=== DATA BELOW ===
****

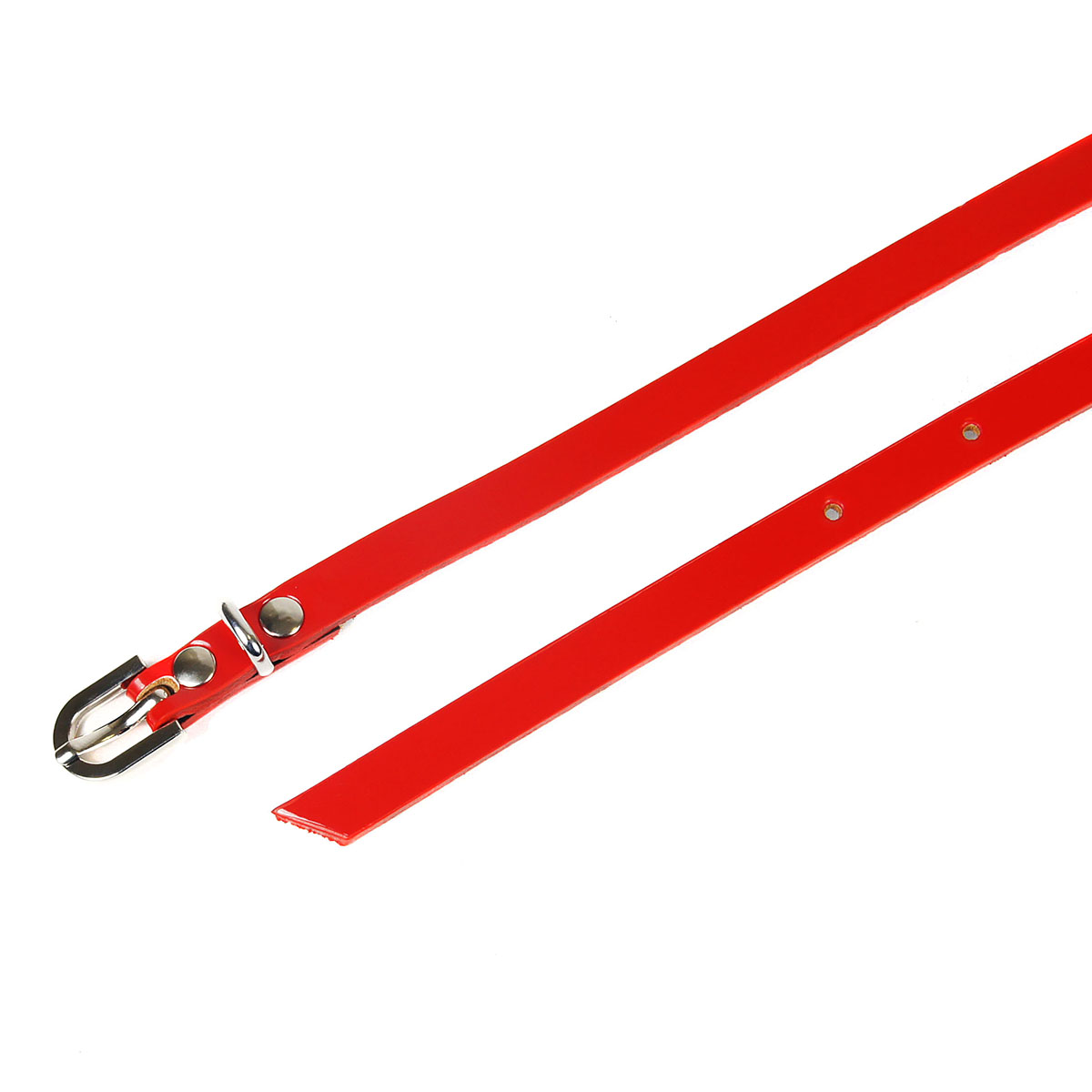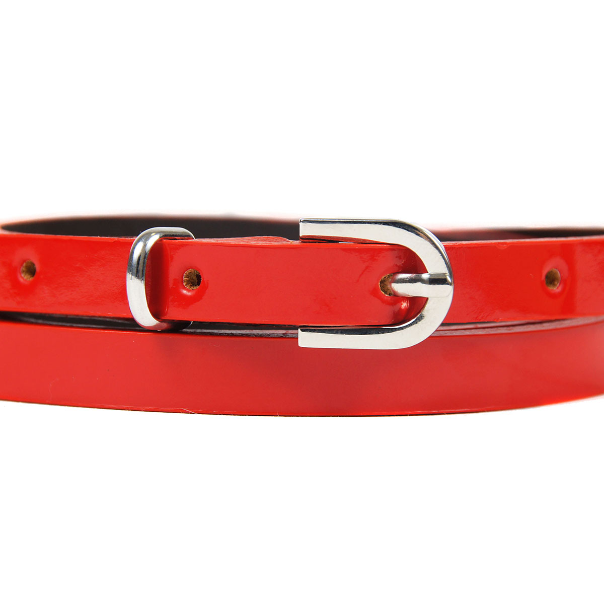 Классический женский ремень из натуральной лаковой кожи, выполненный в красном цвете.
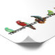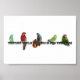 Two parrotlets, a macaw, a lineolated parakeet and a cherry headed conure sit on letters that spell, "Texting while driving is for the birds" on this thoughtful poster
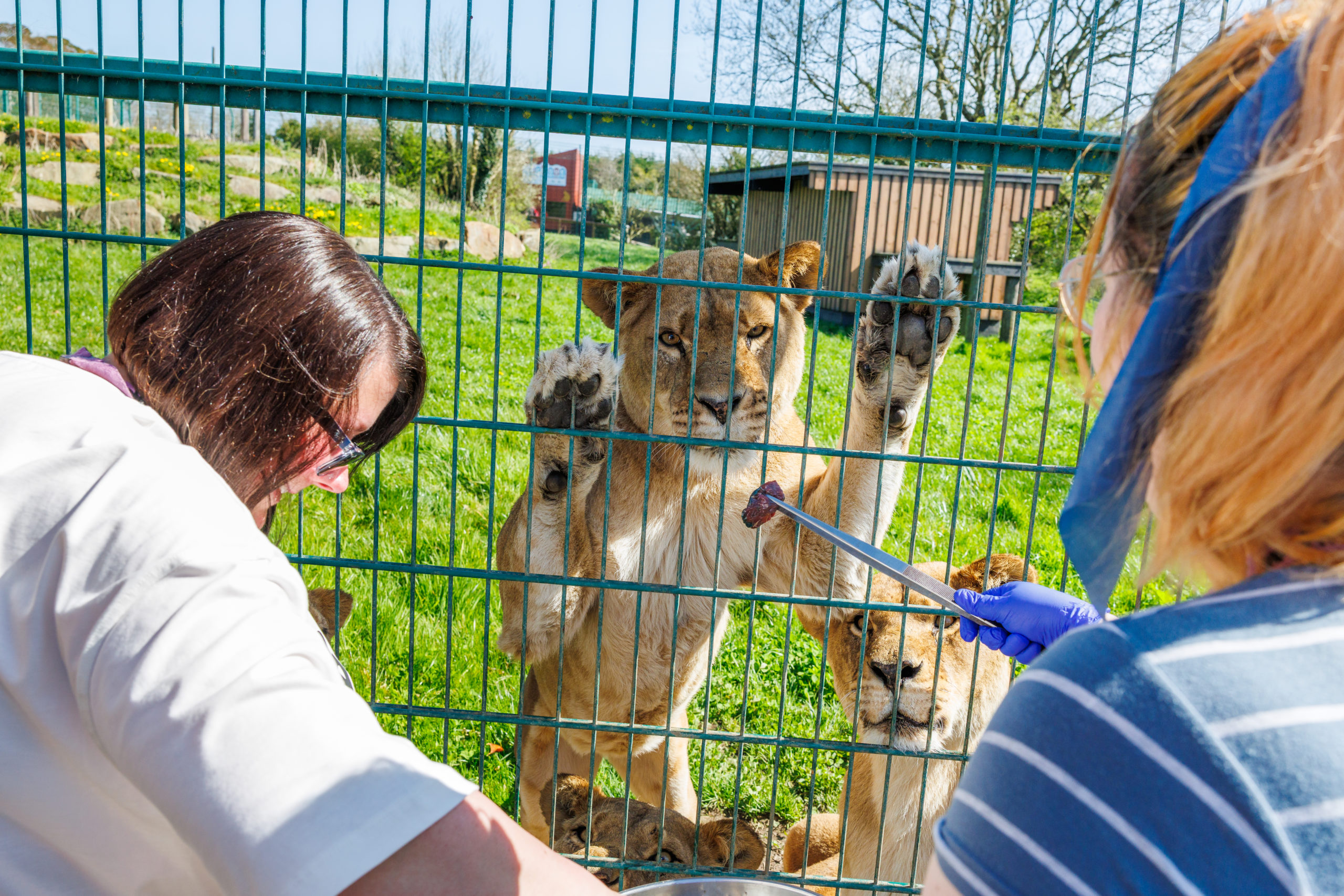 You’ll be welcomed by one of our lion keepers and after a short briefing you’ll be feeding our magnificent pride. When our lionesses see you they’ll be right over for a feed. Nothing will prepare you for seeing these magnificent animals up close.

****

=== AIM OF THE TASK ===
Line by line, return the listing above exactly, dropping every picture.

=== RESULT ===
 Классический женский ремень из натуральной лаковой кожи, выполненный в красном цвете.
 Two parrotlets, a macaw, a lineolated parakeet and a cherry headed conure sit on letters that spell, "Texting while driving is for the birds" on this thoughtful poster
 You’ll be welcomed by one of our lion keepers and after a short briefing you’ll be feeding our magnificent pride. When our lionesses see you they’ll be right over for a feed. Nothing will prepare you for seeing these magnificent animals up close.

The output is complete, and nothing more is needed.